This type of query is useful especially for research purposes—to make sure you’re getting the most official information possible.

**20. Search for a movie = movie:**

Use this search operator to look up information about specific movies, like which theaters a movie is playing at along with show times.

For example, if you wanted to quickly find out when and where *Wonder Woman* was playing in your city or town, this operator could be useful. Just type…

*movie:wonder woman*

**21. Search multiple specific types of domains**

To search for multiple domain types, use parentheses plus the OR command. For example…

*healthcare (site:.gov OR site:.edu)*

Again, this really proves helpful when you’re trying to find reliable information. The query above will provide you with a list of results from government and university websites.

**22. Search hashtags = #**

Have Google include hashtags from social media networks by adding the pound symbol (#) right before your search term. For example…


This brings *news about #marketing on Twitter* up close to the top of the search results, letting you view the conversation that’s currently taking place.

![Google search operators can make life so much easier. Grab some great ones here.](https://rachelrofe.com/wp-content/uploads/2017/05/Marketing-Hash-Tag.png)

**23. Search within a date range = daterange: **

To search for results within a certain date range, you can use the *daterange:* operator…

*ecommerce strategies daterange:2457875.43304-2457899.43304*

The only thing is this operator uses the Julian calendar format as opposed to the Gregorian calendar format, which is what most people are used to.

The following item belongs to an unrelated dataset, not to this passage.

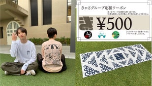 これからの季節、インナーにも使える長袖Tシャツと、きゃさグループのロゴを模様にした手ぬぐいです。また、お店でご利用いただけるお得なクーポンもお付けします。
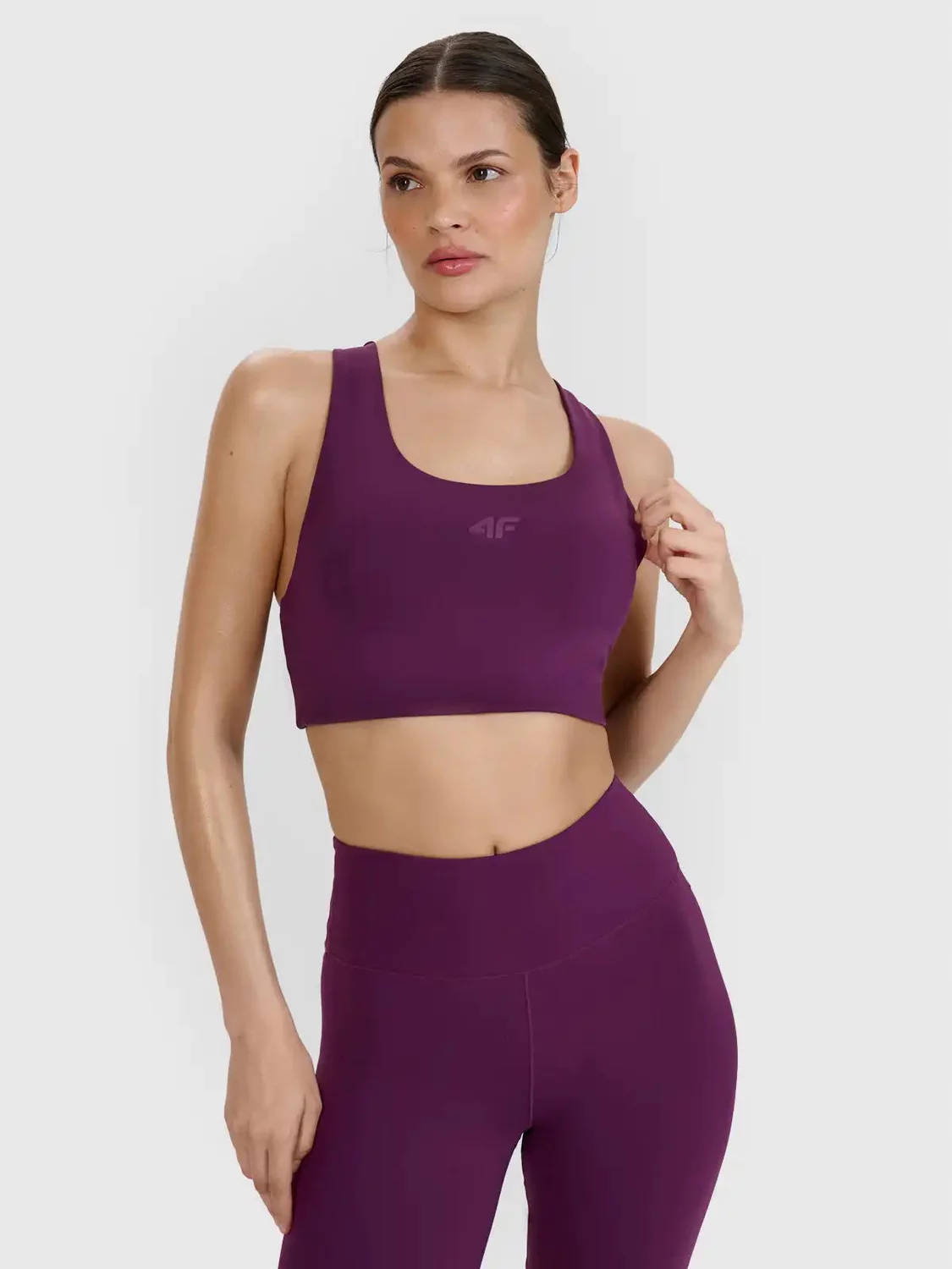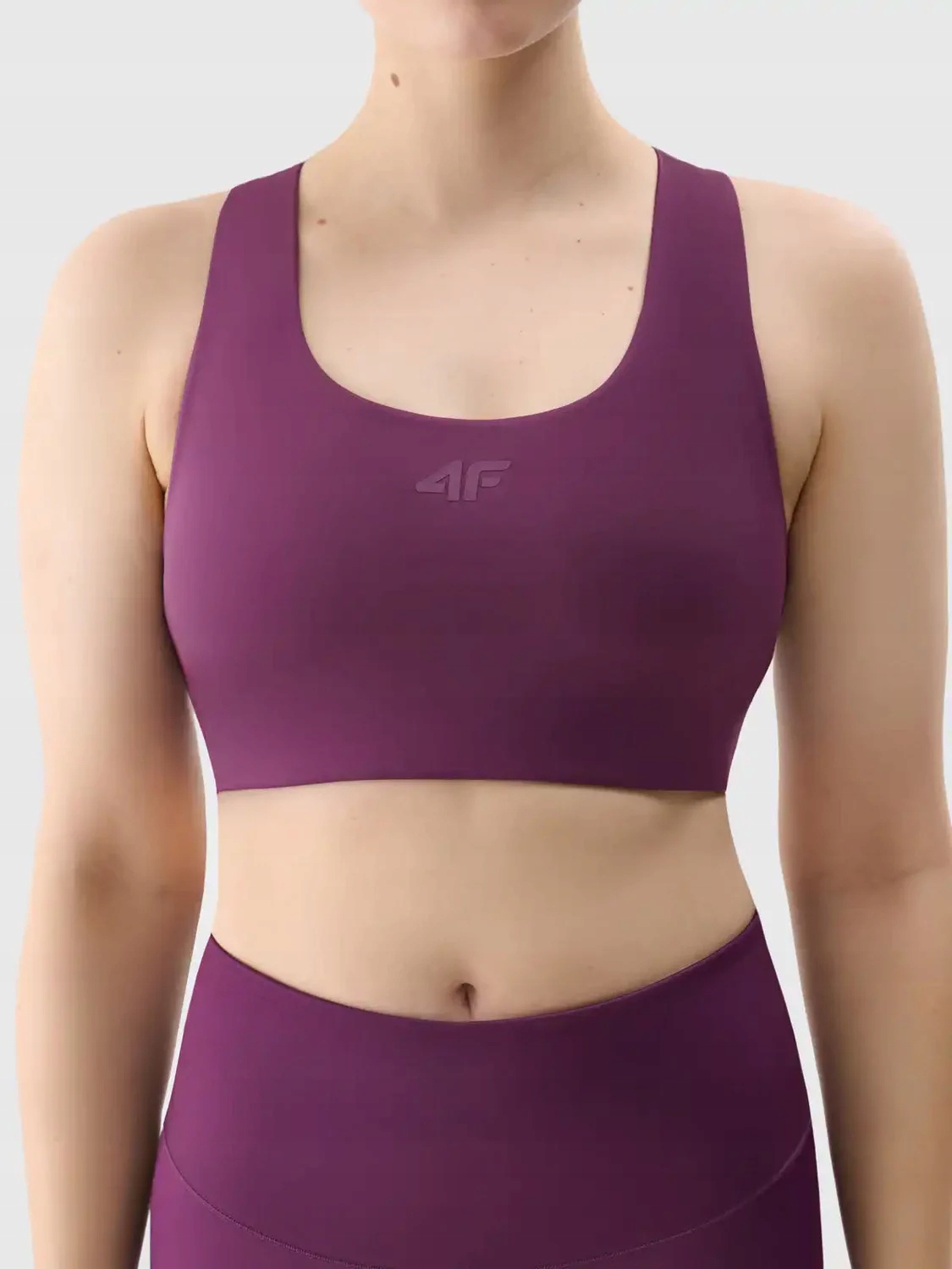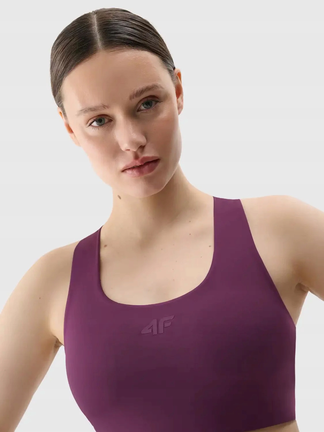 Женский спортивный бюстгальтер 4F обеспечивает непревзойденный комфорт и свободу движений во время каждой тренировки. Благодаря гибким материалам и быстросохнущим волокнам по технологии 4FDry он обеспечивает оптимальное отведение влаги, позволяя максимально сконцентрироваться во время тренировки. Приталенный крой, широкие бретели и круглый вырез подчеркивают женственный силуэт, а свободная спина гарантирует полную подвижность плеч. Двухслойная конструкция и мягкие съемные чашки обеспечивают дополнительную поддержку и комфорт. Прочное, но мягкое плетение интерлок обеспечивает идеальную посадку бюстгальтера на теле, а логотип спереди добавляет стильный акцент. Идеально подходит для йоги, пилатеса или повседневной деятельности.

But you can use this [website](http://www.onlineconversion.com/julian_date.htm) to convert dates to the Julian calendar format.

This type of search is useful if you want to find the most up-to-date information about a topic. Things change so fast, so it’s beneficial to be mindful of when information was published.

**24. Search by filetype = filetype: **

If you’re looking for a particular filetype or document, the *filetype: *search operator is useful. For example, if you’re looking for a case study, which is often a certain filetype, you might search…

*inbound marketing filetype:pdf*

This search will yield information about inbound marketing only in PDF format.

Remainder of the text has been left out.